> _MATERIAL FOR THIS TASK_:

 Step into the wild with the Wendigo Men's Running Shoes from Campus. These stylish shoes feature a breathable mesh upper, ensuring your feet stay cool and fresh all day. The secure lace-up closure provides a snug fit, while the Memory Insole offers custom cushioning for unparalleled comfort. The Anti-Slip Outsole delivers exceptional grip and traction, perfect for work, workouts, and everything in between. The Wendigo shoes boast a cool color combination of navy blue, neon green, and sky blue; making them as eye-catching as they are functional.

--

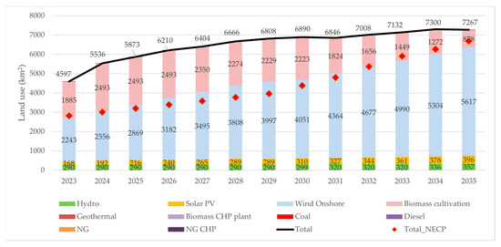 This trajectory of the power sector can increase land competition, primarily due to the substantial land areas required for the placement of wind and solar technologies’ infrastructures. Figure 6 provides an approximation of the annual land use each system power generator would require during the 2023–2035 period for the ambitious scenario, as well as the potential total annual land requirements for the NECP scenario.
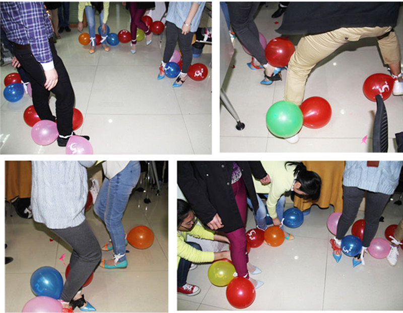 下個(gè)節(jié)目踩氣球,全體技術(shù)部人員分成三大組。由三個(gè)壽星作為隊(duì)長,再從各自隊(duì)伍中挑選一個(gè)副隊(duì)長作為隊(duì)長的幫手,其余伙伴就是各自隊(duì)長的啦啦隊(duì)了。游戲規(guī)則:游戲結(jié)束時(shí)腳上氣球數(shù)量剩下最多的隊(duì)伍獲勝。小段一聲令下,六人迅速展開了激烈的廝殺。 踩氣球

> _ASSIGNED TASK_: Work from the entries above. Set down exactly and only the lines from the line with "This trajectory of" to the line with "下個(gè)節(jié)目踩", both included, and leave the pictures out.

> _WORKED SOLUTION_:
 This trajectory of the power sector can increase land competition, primarily due to the substantial land areas required for the placement of wind and solar technologies’ infrastructures. Figure 6 provides an approximation of the annual land use each system power generator would require during the 2023–2035 period for the ambitious scenario, as well as the potential total annual land requirements for the NECP scenario.
 下個(gè)節(jié)目踩氣球,全體技術(shù)部人員分成三大組。由三個(gè)壽星作為隊(duì)長,再從各自隊(duì)伍中挑選一個(gè)副隊(duì)長作為隊(duì)長的幫手,其余伙伴就是各自隊(duì)長的啦啦隊(duì)了。游戲規(guī)則:游戲結(jié)束時(shí)腳上氣球數(shù)量剩下最多的隊(duì)伍獲勝。小段一聲令下,六人迅速展開了激烈的廝殺。 踩氣球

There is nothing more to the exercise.